0

I need calculate md5 for each file in UNC folder (\\192.168.1.3\ABC). The problem is this folder has large number of files (~2000 files) This code below take me 2,5 hours to finish.

 foreach (var file in filesInFolder)
 {
    using (var md5 = MD5.Create())
     {
       using (var stream = File.OpenRead(file))
        {
           var md5Check = BitConverter.ToString(md5.ComputeHash(stream)).Replace("-", "‌​").ToLower();
           dicMD5[file] =md5Check;
        }
     }
 }

if ABC is local folder it takes about 5 mins to complete this code above.

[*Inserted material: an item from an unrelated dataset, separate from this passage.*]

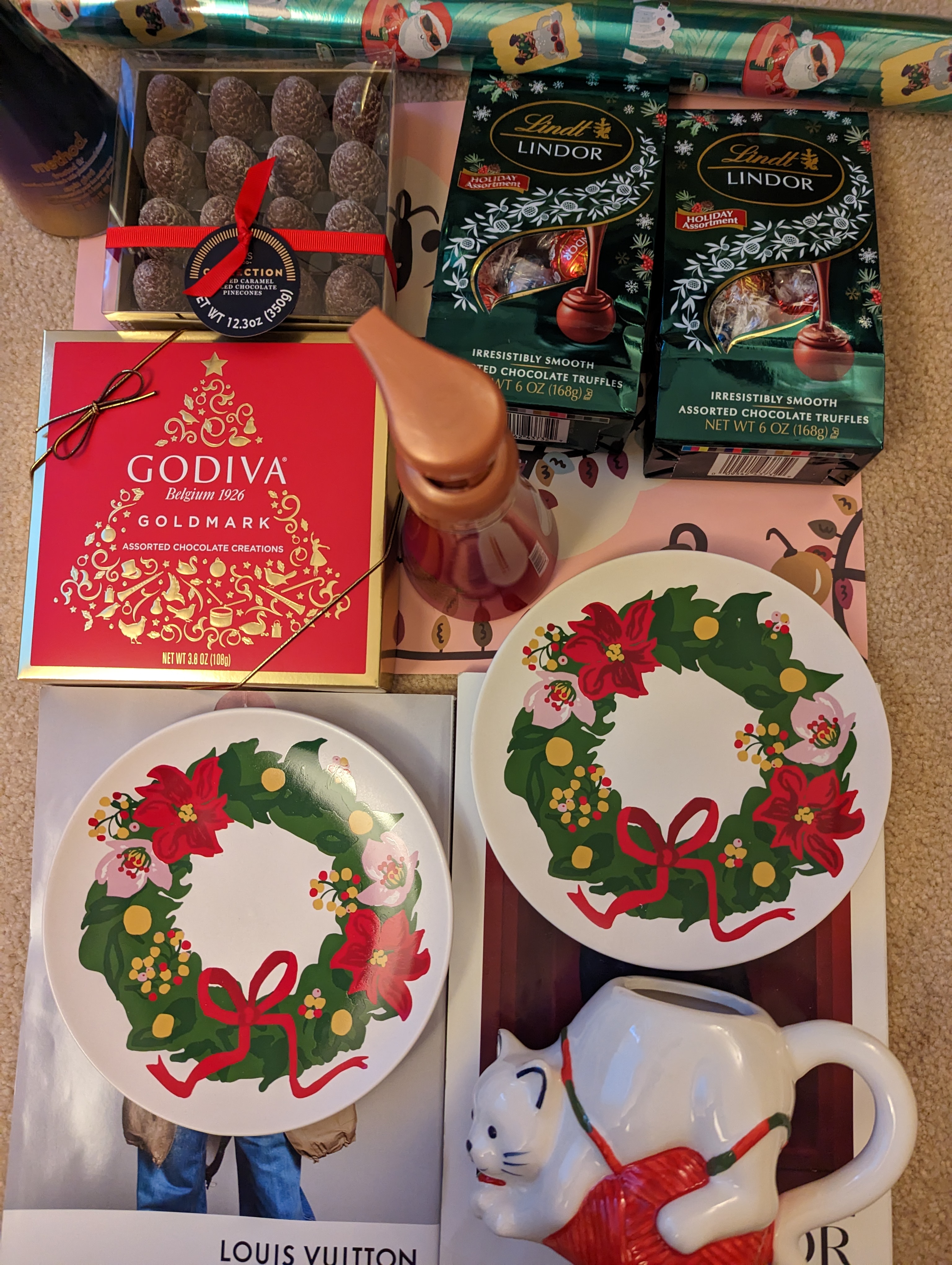 이 모든 것이 다 합쳐 20달러입니다. 고디바 초콜렛 상자 하나만 해도 정가가 15달러 정도 할텐데, 이 정도면 정말 득템했군요. 크리스마스 직후에 갔으면 재고가 더 많았겠지만 사람이 너무 많아서 복잡했을 것 같기도 하고 이번주 내내 여기 비가 왔어서요, 저는 좀 천천히 갔어요. 이 정도면 충분히 만족합니다.

I think i need some help for better approach. Please help me thanks alot

  • Possible duplicate of [What is the fastest way to create a checksum for large files in C#](https://stackoverflow.com/questions/1177607/what-is-the-fastest-way-to-create-a-checksum-for-large-files-in-c-sharp) – Richardissimo Oct 12 '18 at 04:27

2 Answers2

0

So since it runs locally in about 5 minutes, the issue probably has to do with reading the files over the network. The best way to speed it up would be to put the program locally where the files are at, and have it communicate results to another machine if need be. I realize there are times when that wont work, so that limits what you can do.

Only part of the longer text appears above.